With interest rate hikes slowing down the market, the report forecasts that bidding wars will probably decrease in the third quarter, according to Jonathan Miller, president of Miller Samuel Inc., the appraising company which assembles Douglas Elliman reports.
Many Los Angeles real estate agents agreed with the forecast, and they’re scaling back on the sale strategy of underpricing. For years it was common practice to set the asking price of a house at least 5 percent below value to set the stage for a bidding war and garner a higher closing price.
“You cannot start low to get a high price anymore,” said Derek Reilly of Westside Expert at Keller Williams based in Santa Monica. “You have to start with what it’s worth and get comfortable with the possibility of strategic price corrections. … This market has shifted. You just want offers.”
While inventory is fairly low in Los Angeles and home prices are still high, consumers’ appetite to get involved in the roller coaster of a bidding war has subsided, Reilly added.
The Douglas Elliman report found that in the second quarter, more than half of the homes sold in the the area spanning from Downtown Los Angeles to the Westside experienced a bidding war which pushed closing prices over the original asking price.
Since May, prospective buyers have not been as responsive to pressures to place a bid quickly. However, Reilly contended that the market is stabilizing, and business is still fairly good.
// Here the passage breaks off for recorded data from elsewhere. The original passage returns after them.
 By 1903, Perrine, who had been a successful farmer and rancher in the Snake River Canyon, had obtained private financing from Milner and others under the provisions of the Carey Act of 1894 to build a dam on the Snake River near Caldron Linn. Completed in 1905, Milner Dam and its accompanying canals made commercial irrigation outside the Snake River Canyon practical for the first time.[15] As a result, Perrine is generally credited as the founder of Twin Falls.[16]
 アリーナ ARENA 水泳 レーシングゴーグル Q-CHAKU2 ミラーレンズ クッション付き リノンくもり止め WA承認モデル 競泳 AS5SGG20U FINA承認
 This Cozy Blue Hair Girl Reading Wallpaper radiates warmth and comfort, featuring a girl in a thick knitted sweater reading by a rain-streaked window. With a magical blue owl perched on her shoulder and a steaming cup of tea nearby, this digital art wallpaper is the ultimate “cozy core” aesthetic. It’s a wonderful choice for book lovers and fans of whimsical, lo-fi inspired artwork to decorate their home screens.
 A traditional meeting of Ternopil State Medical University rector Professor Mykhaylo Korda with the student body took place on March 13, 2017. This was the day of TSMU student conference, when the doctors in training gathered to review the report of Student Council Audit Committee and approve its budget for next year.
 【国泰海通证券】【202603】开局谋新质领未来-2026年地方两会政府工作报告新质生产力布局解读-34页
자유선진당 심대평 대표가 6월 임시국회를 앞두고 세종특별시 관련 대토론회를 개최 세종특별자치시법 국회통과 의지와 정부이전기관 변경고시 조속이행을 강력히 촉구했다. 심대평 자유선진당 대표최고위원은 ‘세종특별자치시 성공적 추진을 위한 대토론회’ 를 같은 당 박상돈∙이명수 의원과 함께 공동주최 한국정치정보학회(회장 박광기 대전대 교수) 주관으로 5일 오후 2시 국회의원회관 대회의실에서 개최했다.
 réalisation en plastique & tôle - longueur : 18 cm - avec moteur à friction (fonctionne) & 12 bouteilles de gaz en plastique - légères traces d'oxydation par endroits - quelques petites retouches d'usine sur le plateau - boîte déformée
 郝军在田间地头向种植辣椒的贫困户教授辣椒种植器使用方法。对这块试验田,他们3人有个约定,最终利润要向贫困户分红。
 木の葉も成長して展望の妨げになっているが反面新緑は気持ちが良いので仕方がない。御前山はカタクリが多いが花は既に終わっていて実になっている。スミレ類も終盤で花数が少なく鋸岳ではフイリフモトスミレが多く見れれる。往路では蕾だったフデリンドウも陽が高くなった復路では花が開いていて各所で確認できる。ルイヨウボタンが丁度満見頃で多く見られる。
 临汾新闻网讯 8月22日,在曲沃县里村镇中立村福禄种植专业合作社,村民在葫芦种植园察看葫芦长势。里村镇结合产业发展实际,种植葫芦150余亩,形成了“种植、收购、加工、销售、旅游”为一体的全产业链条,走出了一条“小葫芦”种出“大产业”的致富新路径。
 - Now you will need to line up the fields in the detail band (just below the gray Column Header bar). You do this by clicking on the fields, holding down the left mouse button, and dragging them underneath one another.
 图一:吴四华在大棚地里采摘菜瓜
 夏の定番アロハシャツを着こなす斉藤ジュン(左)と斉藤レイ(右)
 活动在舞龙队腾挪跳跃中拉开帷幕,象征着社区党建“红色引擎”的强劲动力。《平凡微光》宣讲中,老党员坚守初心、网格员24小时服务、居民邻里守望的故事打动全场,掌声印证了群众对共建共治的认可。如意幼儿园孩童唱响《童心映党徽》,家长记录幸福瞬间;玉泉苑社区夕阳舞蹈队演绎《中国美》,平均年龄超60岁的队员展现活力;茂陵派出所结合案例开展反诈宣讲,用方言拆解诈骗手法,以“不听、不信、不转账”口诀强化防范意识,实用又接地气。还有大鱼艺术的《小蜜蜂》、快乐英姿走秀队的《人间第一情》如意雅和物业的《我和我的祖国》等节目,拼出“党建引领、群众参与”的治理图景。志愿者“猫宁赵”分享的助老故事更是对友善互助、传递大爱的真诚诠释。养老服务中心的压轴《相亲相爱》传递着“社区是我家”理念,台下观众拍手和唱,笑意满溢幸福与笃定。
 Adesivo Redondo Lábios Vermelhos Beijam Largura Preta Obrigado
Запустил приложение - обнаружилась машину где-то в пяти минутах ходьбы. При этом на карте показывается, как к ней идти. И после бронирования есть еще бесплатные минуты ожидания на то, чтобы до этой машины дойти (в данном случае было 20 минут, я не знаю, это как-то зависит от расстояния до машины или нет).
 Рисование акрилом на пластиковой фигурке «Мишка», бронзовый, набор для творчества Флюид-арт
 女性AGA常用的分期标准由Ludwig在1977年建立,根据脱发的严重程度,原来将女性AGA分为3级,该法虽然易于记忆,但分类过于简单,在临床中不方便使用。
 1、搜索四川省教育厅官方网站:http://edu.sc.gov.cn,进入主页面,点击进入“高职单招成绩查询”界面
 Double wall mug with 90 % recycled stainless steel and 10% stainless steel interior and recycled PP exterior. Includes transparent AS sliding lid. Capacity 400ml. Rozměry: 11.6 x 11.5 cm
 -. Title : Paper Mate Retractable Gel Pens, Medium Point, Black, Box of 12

“Buyers don’t have to go to a property with a checkbook or cash in hand. They now have the advantage of taking some time to look around, and that’s exactly what they are doing. The new normal is that things are going to sell slower, and that’s OK because at the end of the day, homes are still selling,” he said.
Down the coast in Manhattan Beach, Cindy Carvel of Douglas Elliman also scaled back underpricing. “We’re not going to the market with event pricing of 10 percent below where you’d get a lot of eyes on the property,” Carvel said.
She and her business partner, Misty Frasier at Carvel Frasier Group at Douglas Elliman, still try to underprice when they get permission from their client.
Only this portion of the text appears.